Task to carry out: Give exactly the lines from the one that contains "Il se compose" through the end of the entries below, both included; the pictures stay out.

Segment Start: Records to process

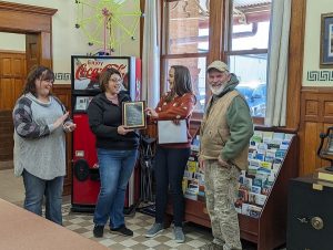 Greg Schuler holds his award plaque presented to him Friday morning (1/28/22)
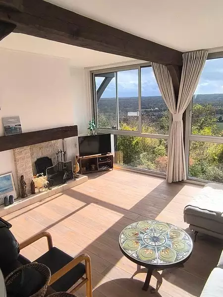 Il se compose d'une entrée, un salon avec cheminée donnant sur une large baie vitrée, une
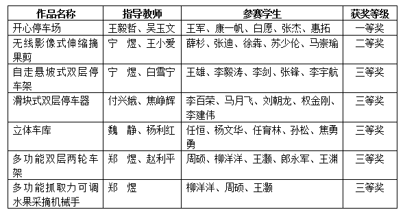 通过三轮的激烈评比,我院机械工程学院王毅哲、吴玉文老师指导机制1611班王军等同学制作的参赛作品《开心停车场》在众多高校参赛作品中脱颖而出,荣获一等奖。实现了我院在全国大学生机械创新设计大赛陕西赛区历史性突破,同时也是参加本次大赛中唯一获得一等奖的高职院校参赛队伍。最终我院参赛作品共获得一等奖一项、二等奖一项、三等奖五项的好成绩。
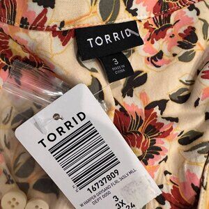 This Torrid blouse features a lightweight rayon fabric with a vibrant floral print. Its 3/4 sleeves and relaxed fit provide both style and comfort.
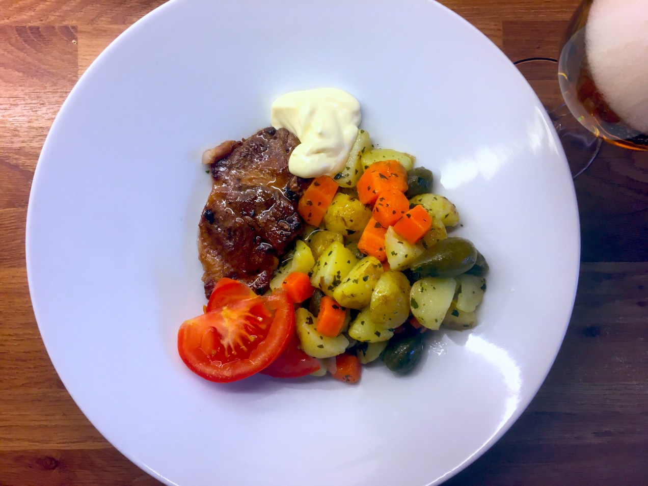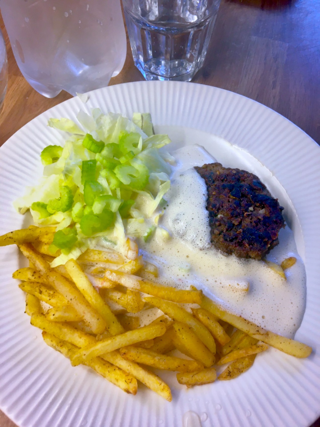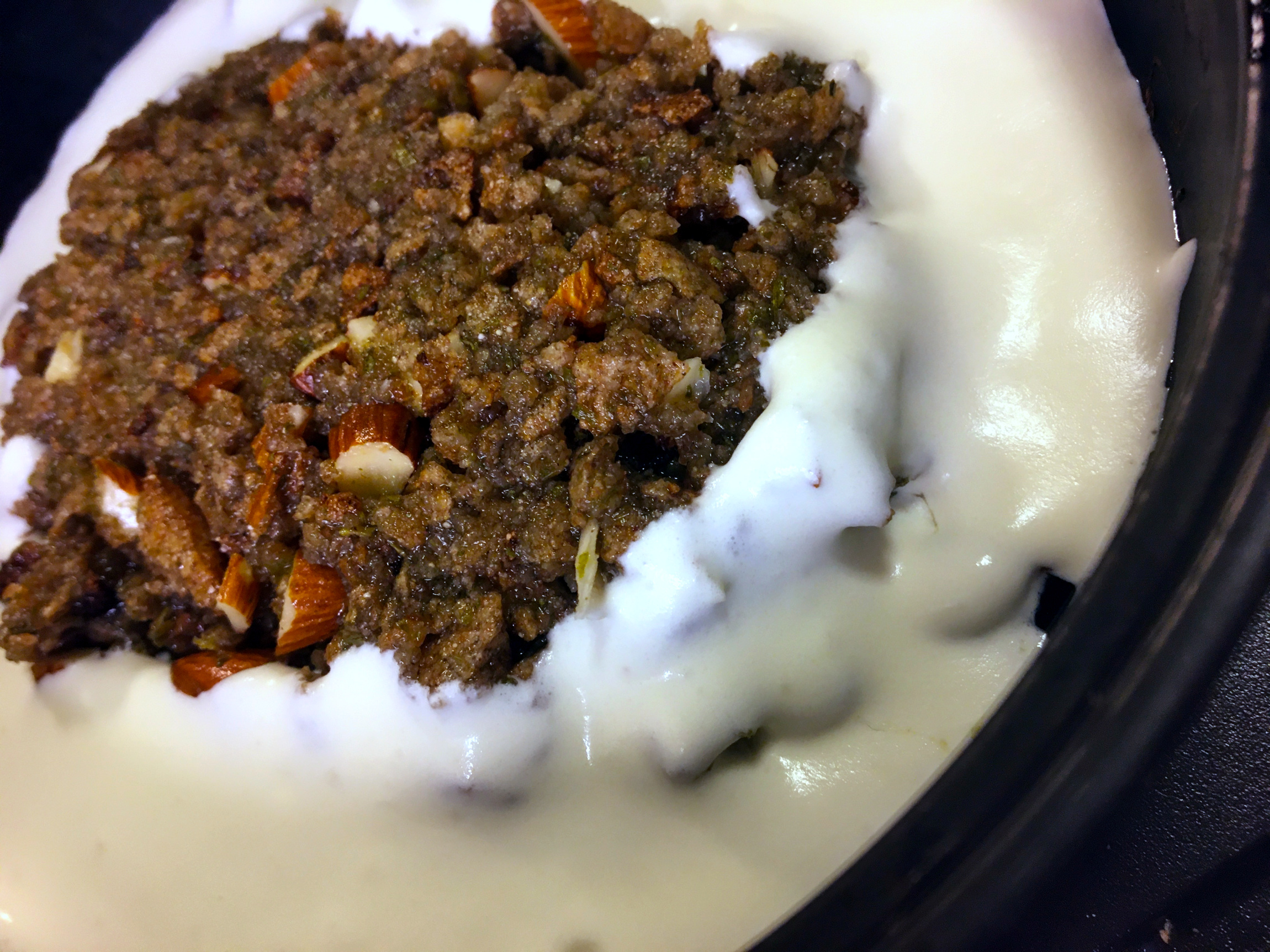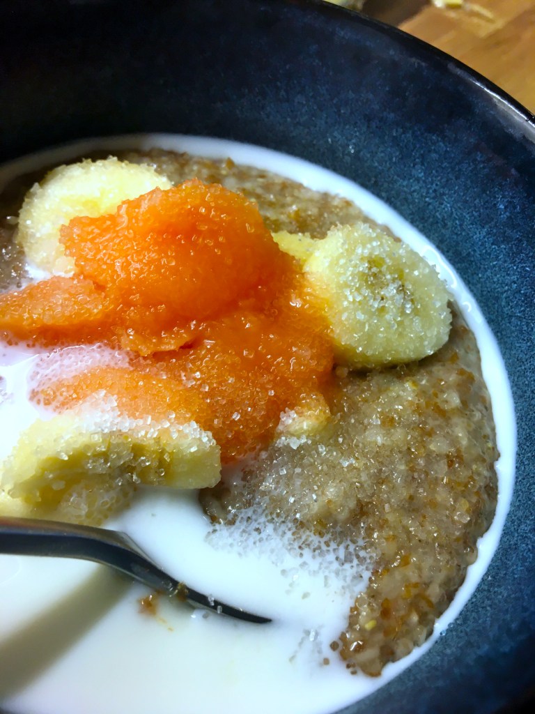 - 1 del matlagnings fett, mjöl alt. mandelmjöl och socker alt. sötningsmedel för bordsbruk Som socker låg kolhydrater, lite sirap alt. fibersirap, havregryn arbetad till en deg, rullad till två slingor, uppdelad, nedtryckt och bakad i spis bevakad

Segment End: Records to process

Problem solution:
 Il se compose d'une entrée, un salon avec cheminée donnant sur une large baie vitrée, une
 通过三轮的激烈评比,我院机械工程学院王毅哲、吴玉文老师指导机制1611班王军等同学制作的参赛作品《开心停车场》在众多高校参赛作品中脱颖而出,荣获一等奖。实现了我院在全国大学生机械创新设计大赛陕西赛区历史性突破,同时也是参加本次大赛中唯一获得一等奖的高职院校参赛队伍。最终我院参赛作品共获得一等奖一项、二等奖一项、三等奖五项的好成绩。
 This Torrid blouse features a lightweight rayon fabric with a vibrant floral print. Its 3/4 sleeves and relaxed fit provide both style and comfort.
 - 1 del matlagnings fett, mjöl alt. mandelmjöl och socker alt. sötningsmedel för bordsbruk Som socker låg kolhydrater, lite sirap alt. fibersirap, havregryn arbetad till en deg, rullad till två slingor, uppdelad, nedtryckt och bakad i spis bevakad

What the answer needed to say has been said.